### [Problem details]
Beginning with the line that contains "142. Armband i", reproduce every line through the end of the records below exactly, and leave the pictures out.

● ● ● ● ●

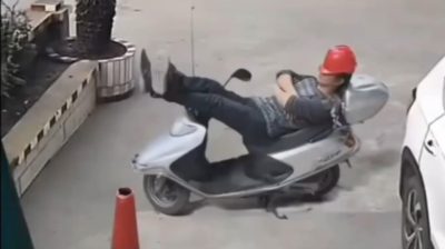Als er sorglos auf seinem Roller schläft, Ein Mann wird von einem Geräusch neben ihm überrascht sein.
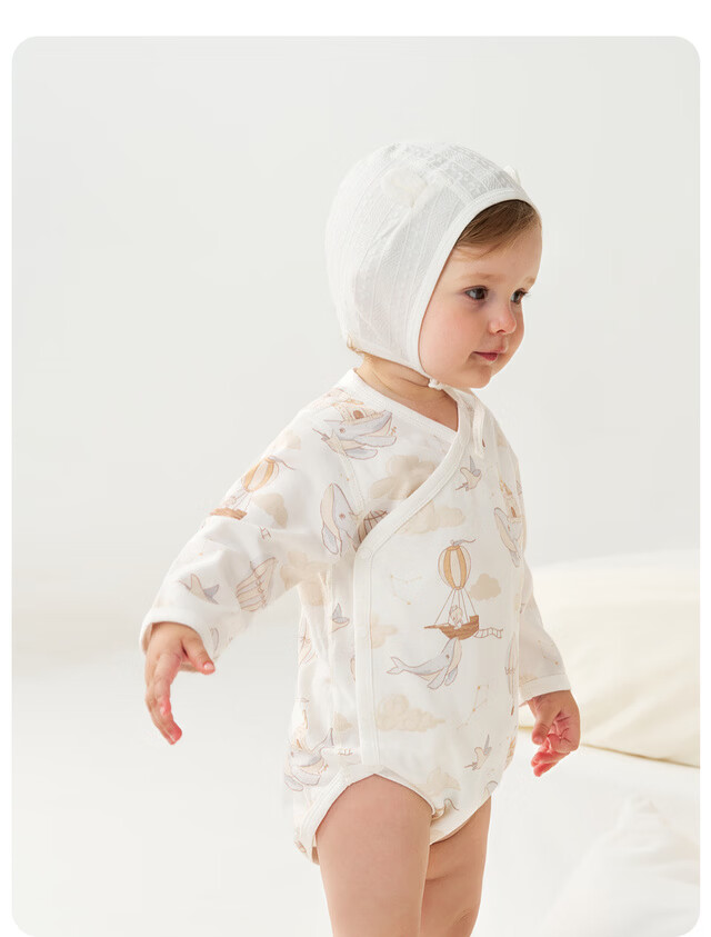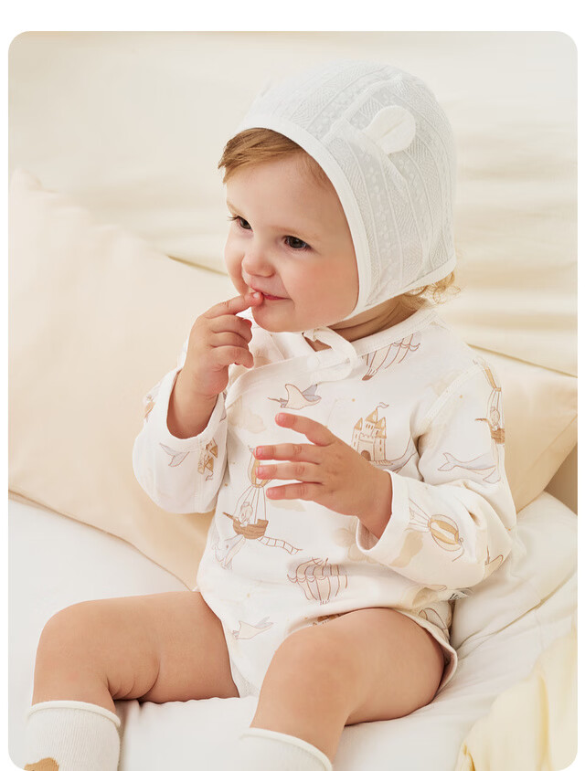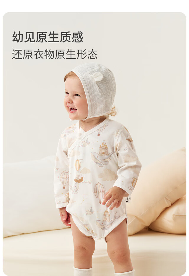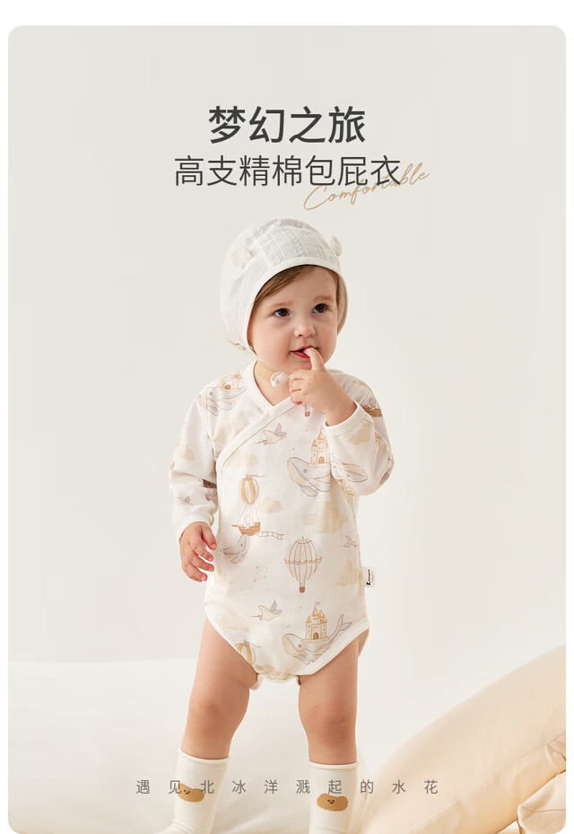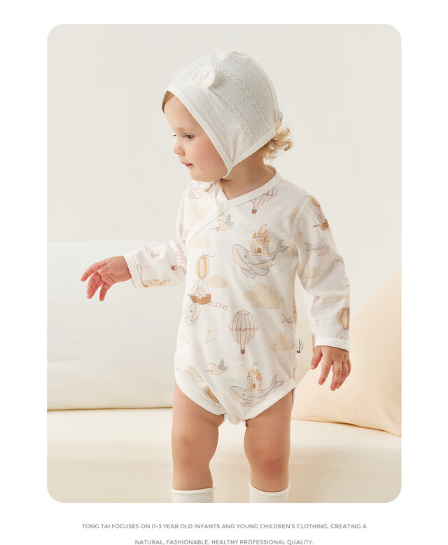 Tongtai (TONGTAI) baby wrap clothes spring and autumn pure cotton newborn clothes baby jumpsuit triangle romper gray 59cm
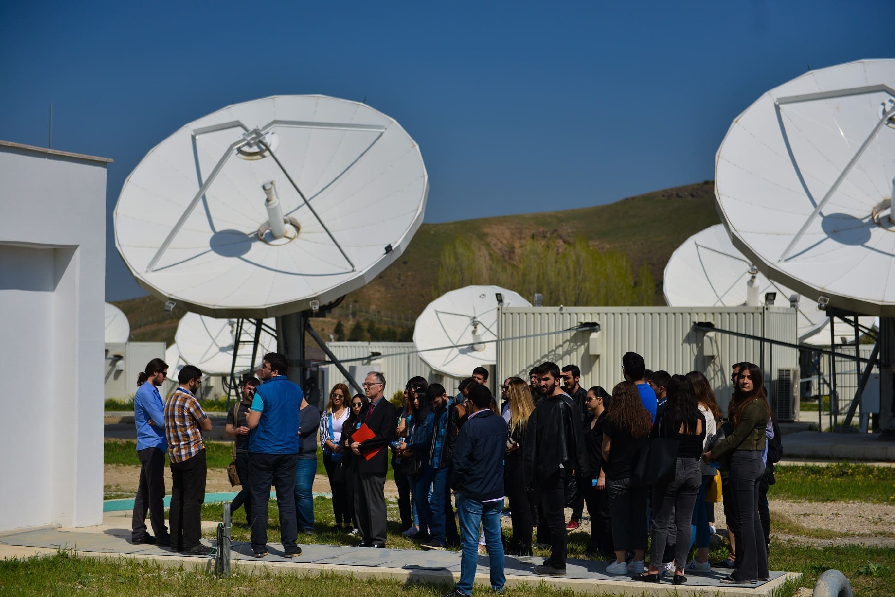 As part of the tour, the VSAT area was first visited. While company personnel, İbrahim Kurtuluş, from the Directorate of Satellite Services Corporate Solutions gave information on data broadcasting, Tarık Furkan Erbay, a personnel from the Directorate of Teleport and TV Broadcasting, gave the students information on television broadcasting.
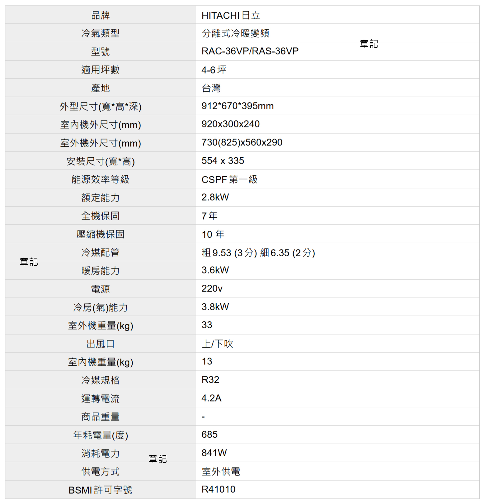 HITACHI日立變頻冷暖分離式冷氣 RAC-36VP_RAS-36VP
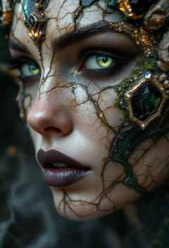 the image must contain maximum high quality details, the realism of the image must be maximal and of high quality,A close-up of a goddess’s face, darkly divine and intricately composed, where each feature blends seamlessly into a harmonious yet chaotic arrangement of materials. Her skin appears as a rich tapestry of cracked, aged marble, with intricate veins of green moss weaving through the fissures, giving a sense of ancient wisdom. Delicate, shimmering shards of obsidian and onyx form her cheekbones, catching light and reflecting it with a mysterious glow. Her forehead is adorned with luminescent crystals that pulse softly, radiating an otherworldly energy.Her lips, carved from weathered, twisted wood, are textured and gnarled, hinting at age and strength, while droplets of dark, corrupted water collect at the corners of her mouth, glistening like gemstones. The contours of her face are outlined with smooth, polished stones, which merge with soft, ethereal wisps of smoke and mist that drift around her features, adding an air of mystique.Her eyes, made of shattered ice, glow with an intense, icy blue light, exuding a fierce, demonic presence. Sprigs of silver fern and delicate vines entwine through her hair, adding natural beauty to the chaos. The entire composition feels like a living, breathing entity, where each element—moss, stone, crystal, and wood harmonizes in a mesmerizing yet unsettling display of ancient power and nature's wildness.
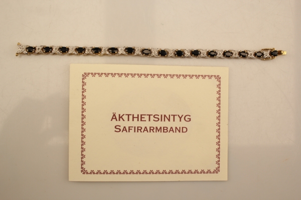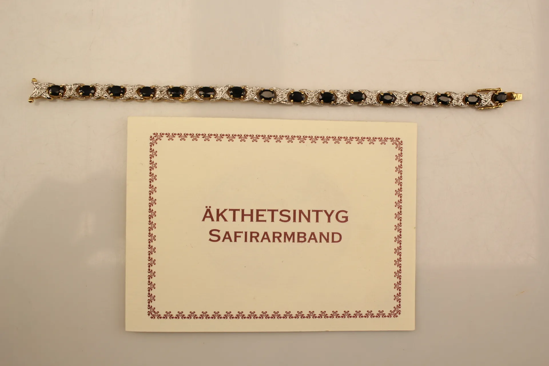 142. Armband i sterlingsilver med 16 st safirer och diamanter 0,08 ct
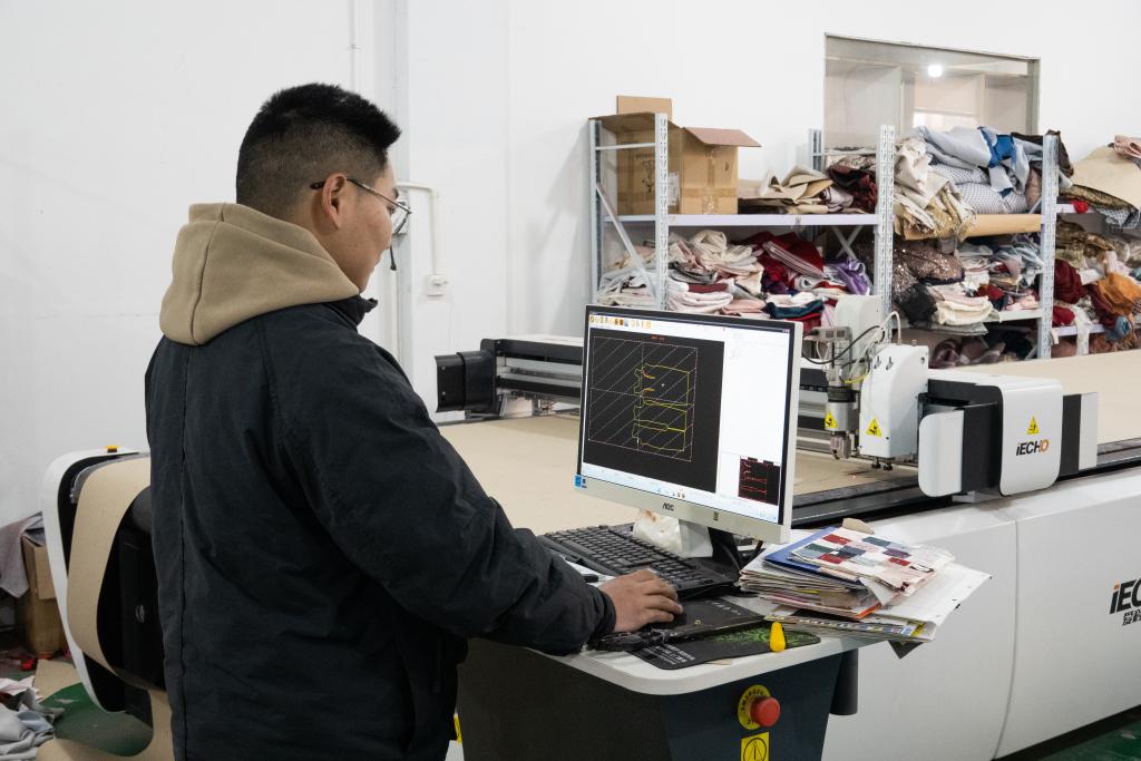 Xu Xiaolong, who heads the factory of Lu'an Zhongyuan Wedding Dress Co., Ltd., operates a computerized automatic cutting machine. (Xinhua/Zhao Jinzheng)

● ● ● ● ●

### [Output for this task]
 142. Armband i sterlingsilver med 16 st safirer och diamanter 0,08 ct
 Xu Xiaolong, who heads the factory of Lu'an Zhongyuan Wedding Dress Co., Ltd., operates a computerized automatic cutting machine. (Xinhua/Zhao Jinzheng)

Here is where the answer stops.